----- Dataset records

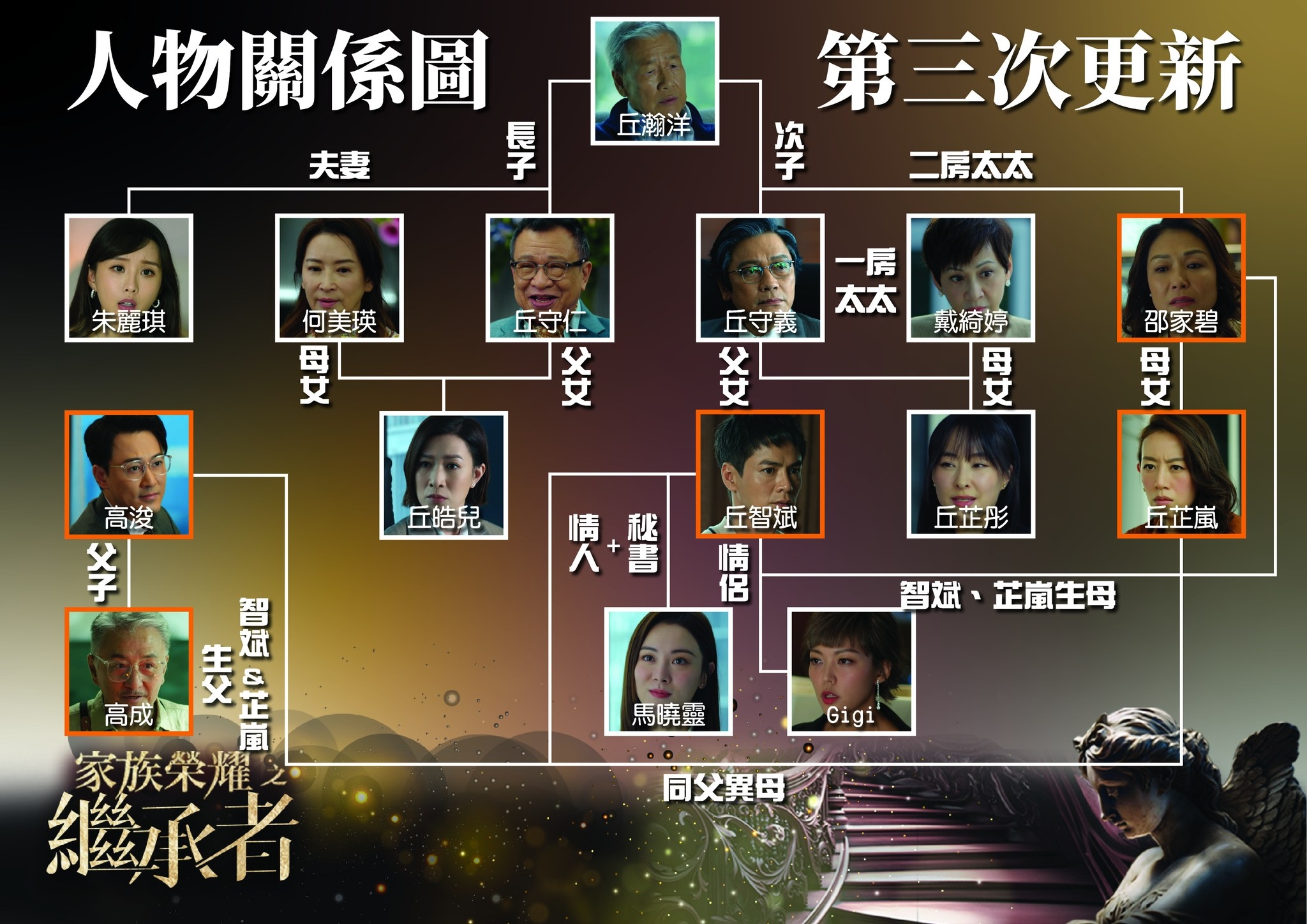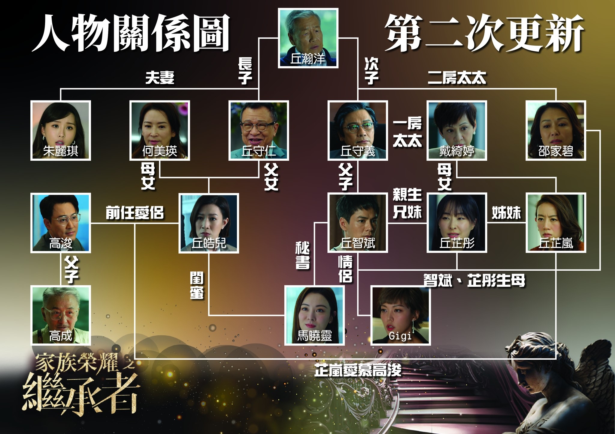 家族榮耀之繼承者關係圖|人物關係圖第三次更新 豪門關係錯綜複雜 佘詩曼/林峯/羅嘉良/羅子溢飾演
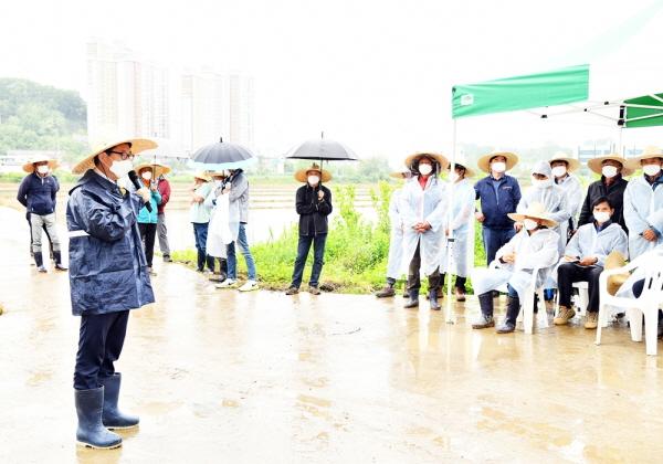모내기 시연회에는 최종환 파주시장과 국회의원, 파주시의원, 유관기관단체장 및 농업인단체 등 30여 명이 참여했다. 특히 코로나19로 어려운 여건 속에서도 파주시 최고품질 한수위쌀 생산을 위해 노력하고 있는 농업인을 격려하고 직접 이앙기에 탑승해 모내기 시연했다.
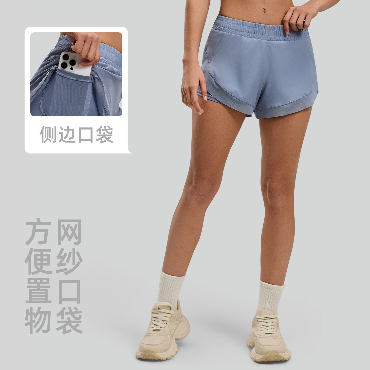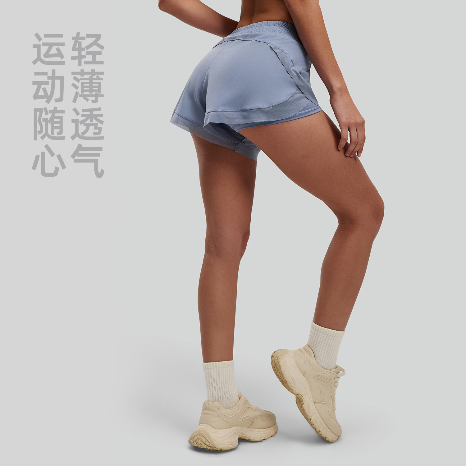 聚衣堂网纱短裤蜜桃运动健身短裤无痕裸感口袋瑜伽短裤女
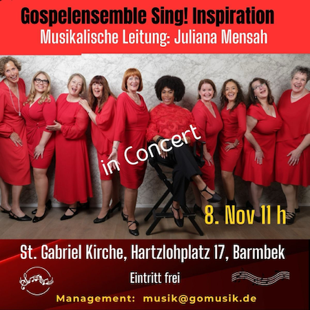Hierfür steht das Gospelensemble Sing! Inspiration, dass seit Jahren mit seinem Gesang gute Laune verbreitet. Ob im Michel oder beim Gospelfestival in Planten un Blomen.
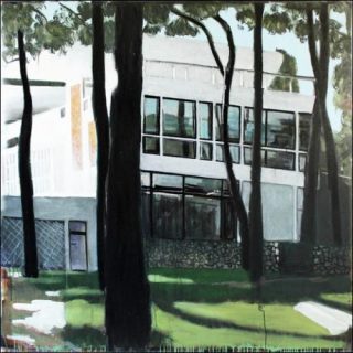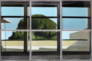 La pièce maîtresse de l’exposition — Paysage N°110, un monumental polyptique composé de six panneaux carrés —, est un point de vue depuis l’intérieur d’une architecture, pris à travers une grande baie vitrée ouvrant sur une savante géométrie d’ombres. Le point de vue est donc ici inversé: ce n’est plus celui du promeneur décidant de s’arrêter sur telle façade d’immeuble qui est privilégié, mais c’est bien celui de l’occupant, de l’homme de l’intérieur qui regarde au dehors. Le tableau retrouve sa nature classique, albertienne, de «fenêtre ouverte sur le monde», mais c’est maintenant le monde qui pose problème. Puisqu’ici, la fenêtre ouvre sur une perspective fermée, bouchée par la masse chaotique d’un arbre étrangement touffu: le monde est désormais inquiet, ralenti dans sa course, il n’est plus un Tout. C’est depuis l’intérieur de la Villa Noailles (chef d’œuvre moderniste signé Mallet-Stevens) que l’artiste a pris la photo qui allait lui servir de modèle; ce détail a son importance puisqu’il nous rappelle l’intérêt que Jérémy Liron porte à ces architectures blanches, sans fioritures, tels des cubes flottants dans le paysage, qui semblent avoir été désertées, de toute éternité.
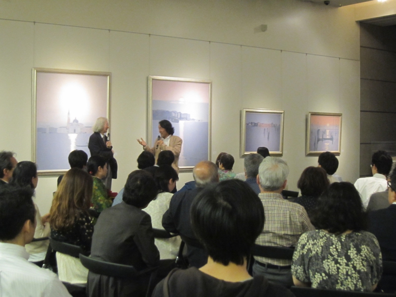 これまで、展覧会会場に座ってる姿しか見せてなかったので、何だか不思議な感じでしたが、「お〜こんな事やってるんだ〜! fantastico!」とお言葉を頂きました。
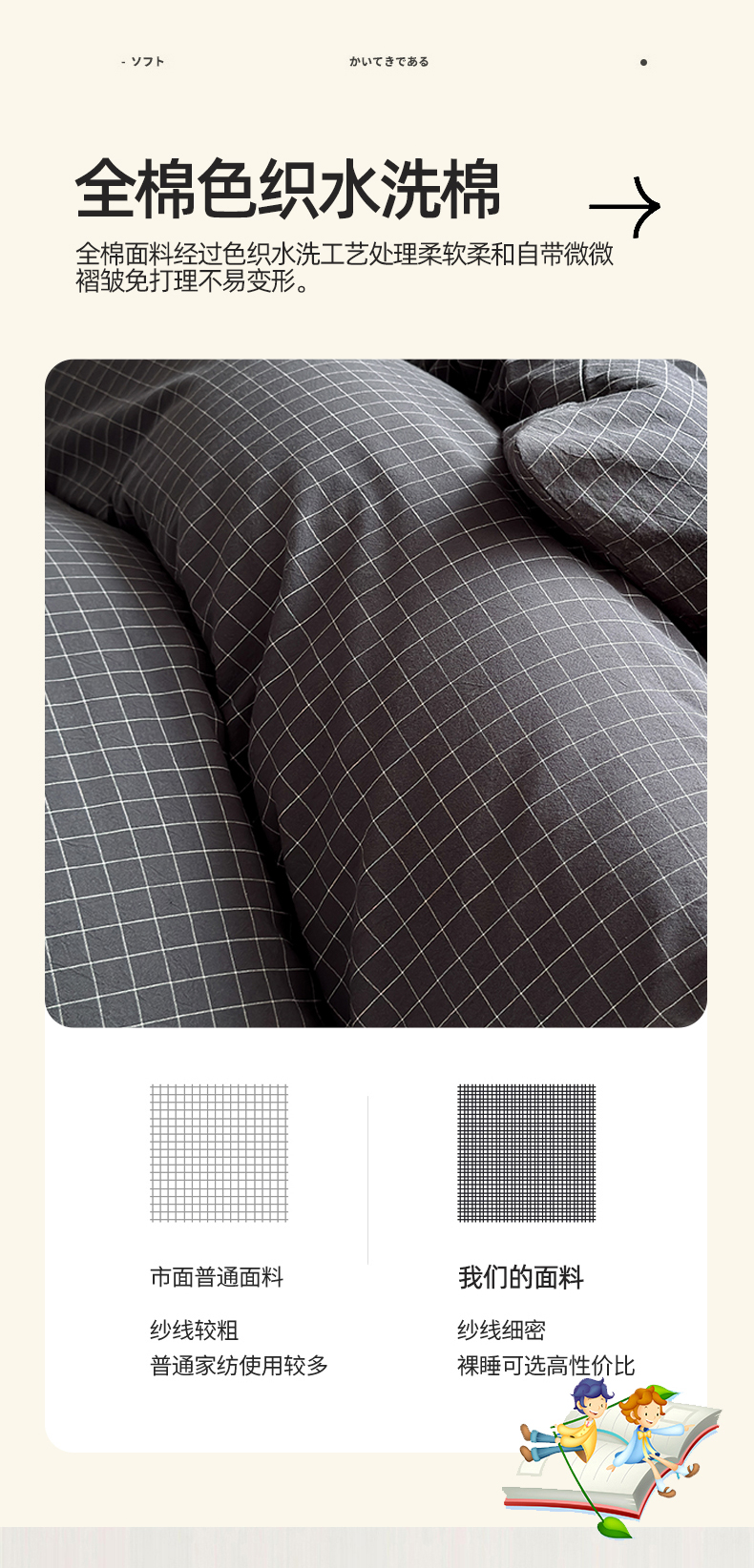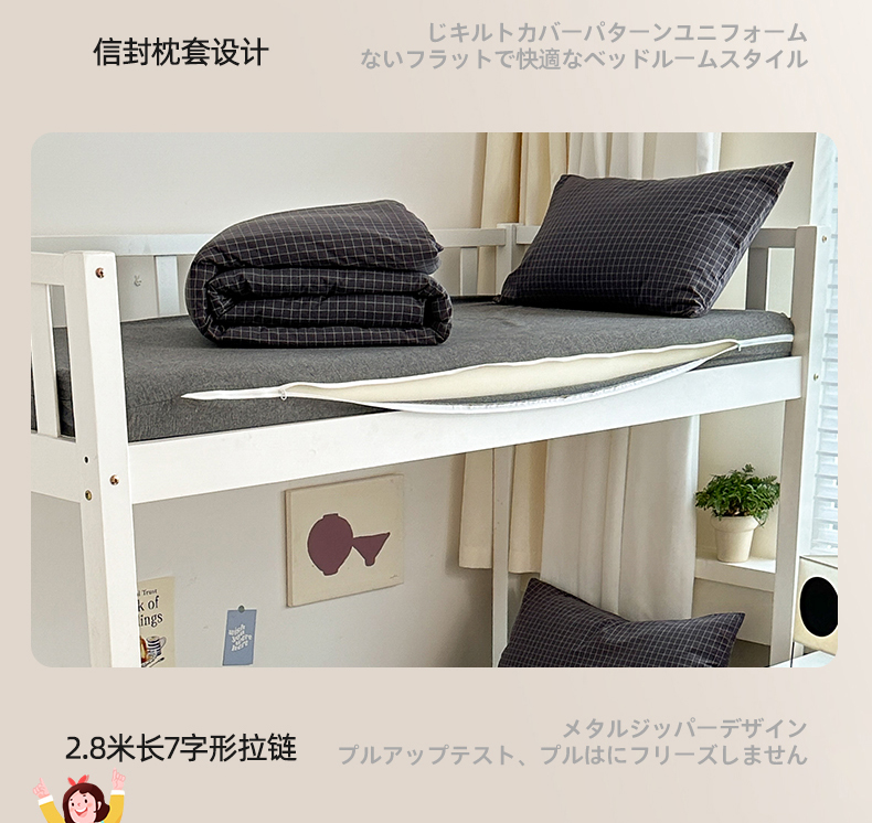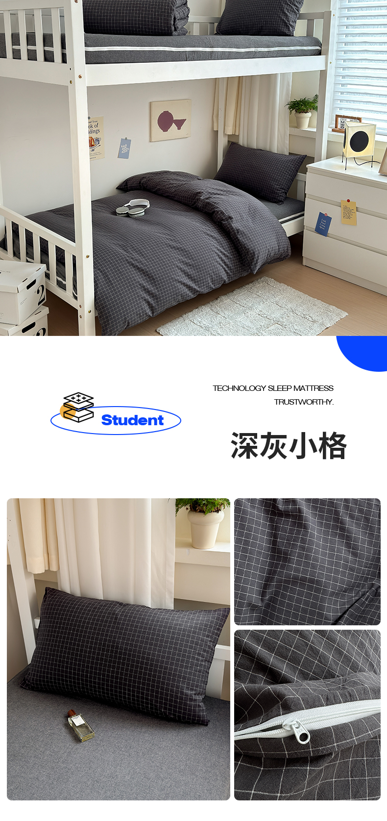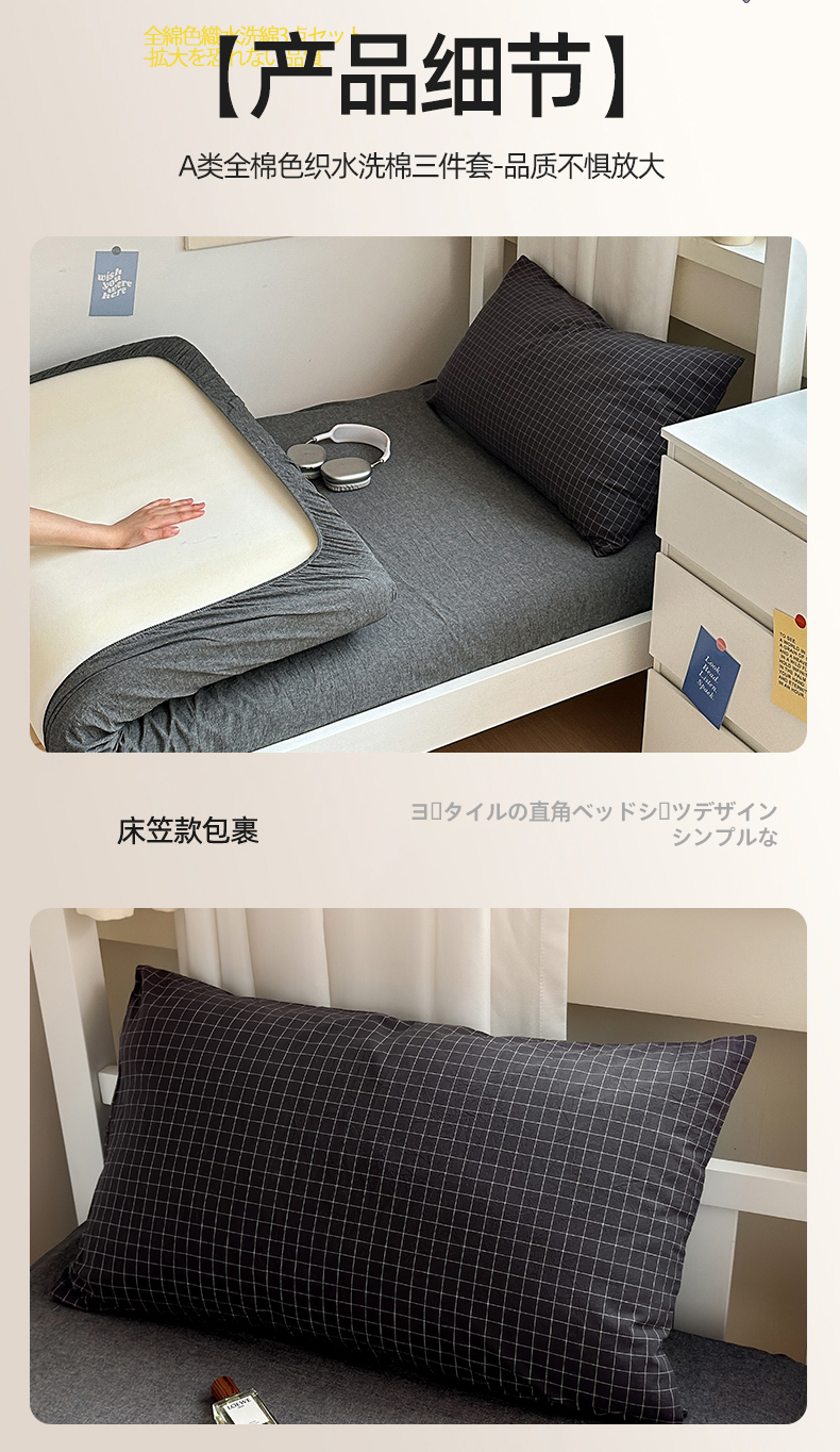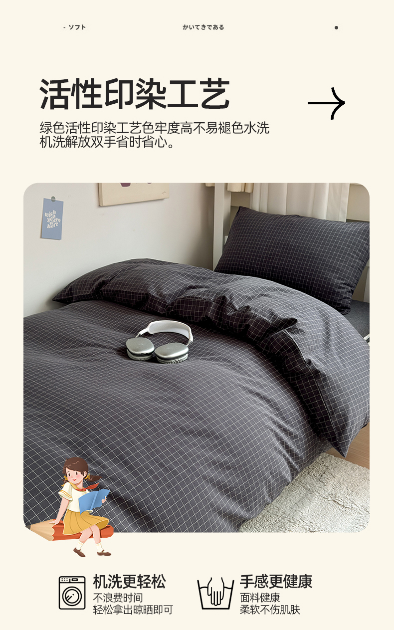 当前位置: 91家纺网 > 商品网购 > 床品套件 > 三件套 > 北欧良品 2024新款A类全棉色织水洗棉学生三件套 深灰小格
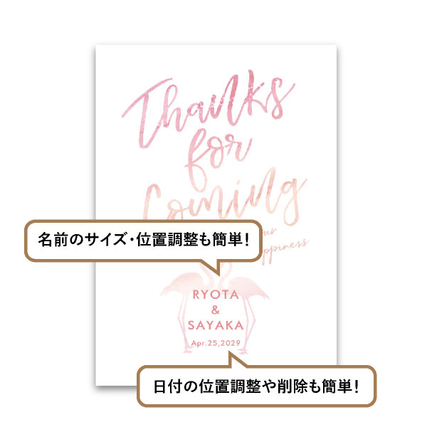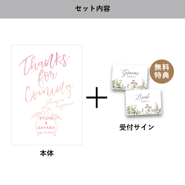 | 無料特典 | 受付サイン1組(新郎用×1組、新婦用×1組) |
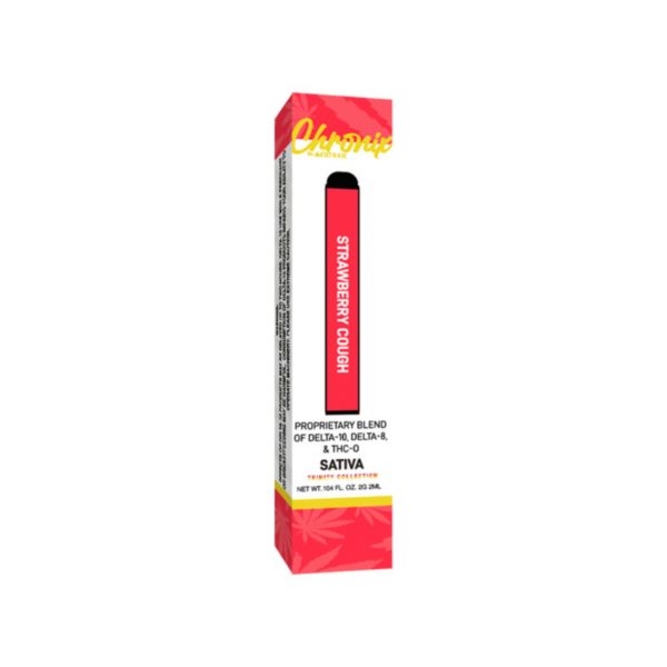 Delta Extrax Strawberry Cough disposables are perfectly blended with Delta 8, Delta 10 and THC-O to create a unique Sativa strain experience! You get 2x the fun, since this is a 2g disposable! This strain is a potent Sativa, and should be handled gently until getting a grasp on the effects. It’s great for daytime, due to the energized, focused, and creative tendencies that people typically report experiencing. It’ll produce a mostly cerebral high, and there’s nothing wrong with a little euphoria during the day. If you’re ready to step-up your game at the next social get-together, you may just want to give this Strawberry Cough strain a try!

----------

Your output should be the lines from the line containing "当前位置: 91家纺网 >" through the last line of the listing above, restated exactly, with no pictures among them.

Solution below —
 当前位置: 91家纺网 > 商品网购 > 床品套件 > 三件套 > 北欧良品 2024新款A类全棉色织水洗棉学生三件套 深灰小格
 | 無料特典 | 受付サイン1組(新郎用×1組、新婦用×1組) |
 Delta Extrax Strawberry Cough disposables are perfectly blended with Delta 8, Delta 10 and THC-O to create a unique Sativa strain experience! You get 2x the fun, since this is a 2g disposable! This strain is a potent Sativa, and should be handled gently until getting a grasp on the effects. It’s great for daytime, due to the energized, focused, and creative tendencies that people typically report experiencing. It’ll produce a mostly cerebral high, and there’s nothing wrong with a little euphoria during the day. If you’re ready to step-up your game at the next social get-together, you may just want to give this Strawberry Cough strain a try!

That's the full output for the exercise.